India’s generics-based pharmaceutical industry is globally challenged on two counts. Business faces new tests as export growth is expected to slow down and margins come under pressure in a volume-driven business; and, two manufacturing facilities belonging to well-known firms and approved by the US Federal Drug Administration (FDA), have been checked by the FDA and found wanting. The first problem can be turned around by making use of a new opportunity that has presented itself — Barack Obama emerging victor in the US presidential elections — but there will be no success on that front if the second problem is not addressed.

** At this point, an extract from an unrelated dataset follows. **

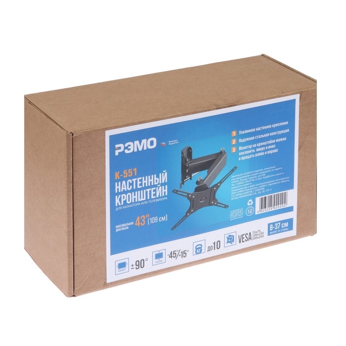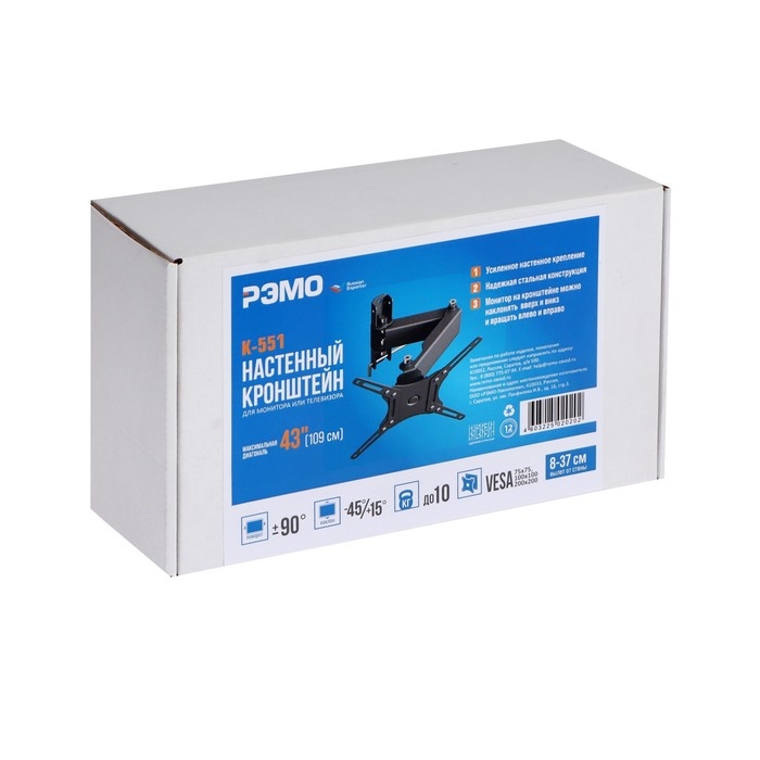 Кронштейн "РЭМО" К551, для ТВ, наклонно-поворотный, 13-43", чёрный

A thoroughgoing reform of the US health care system is high on Mr Obama’s agenda, and he has promised a plan to bring under the system all those who are currently uninsured and remain outside the umbrella. Spreading coverage has budgetary implications most of the time and, for that very reason, is usually also accompanied by a critical look at costs. This will be particularly so at a time when the US fisc is under severe pressure and the deficit likely to grow as recession arrives in the wake of the financial crisis. US health care policy has traditionally oscillated between two influences — the need to reward innovation and the need to cut costs so as to be able to offer wider cover. In the late 1980s, when the US’ technological lead was threatened by the Japanese challenge, the need to promote innovation and improve productivity gained the upper hand. Today, the imperative is to cut costs.
Generic medicines, which have gone off patent and are therefore sold under their chemical names, cost a fraction of patented medicines sold under company brands. The Indian industry has emerged as a global generics player by achieving a new low-cost paradigm while maintaining quality. It is this quality label that has come under a cloud as a result of the protracted stand-off between the US drug regulator and the leading Indian player, Ranbaxy. The quality issue has been further highlighted by the FDA warning Sun Pharma about a facility that it runs in the US. These and other Indian companies must immediately initiate steps to put an end to such quality concerns, because failure to do so will affect not just them but all Indian manufacturers. Companies must not merely comply with all that the FDA asks for, but also be very open and ready to rectify lapses whenever these are pointed out.
The Indian pharma industry should in fact take a leaf out of the software book. The leading software players cemented their competitive reputation on the basis of high quality standards, and not just on cost. Indeed, they continuously raised the quality bar so that quality became a selling point. In this, the software industry was able to do what the Japanese achieved in manufacturing. Pharma must now do likewise.
Even as the quality issue is a matter to be scientifically and procedurally tested, it is a matter of perception in the wider arena, and stems from the feeling in the US that the FDA has been too lenient in approving both manufacturing facilities and new drugs. The Indian pharma industry should initiate a campaign to improve quality perceptions, among policy-makers as well as consumers, if it wants to use its present base to build much bigger businesses for the future.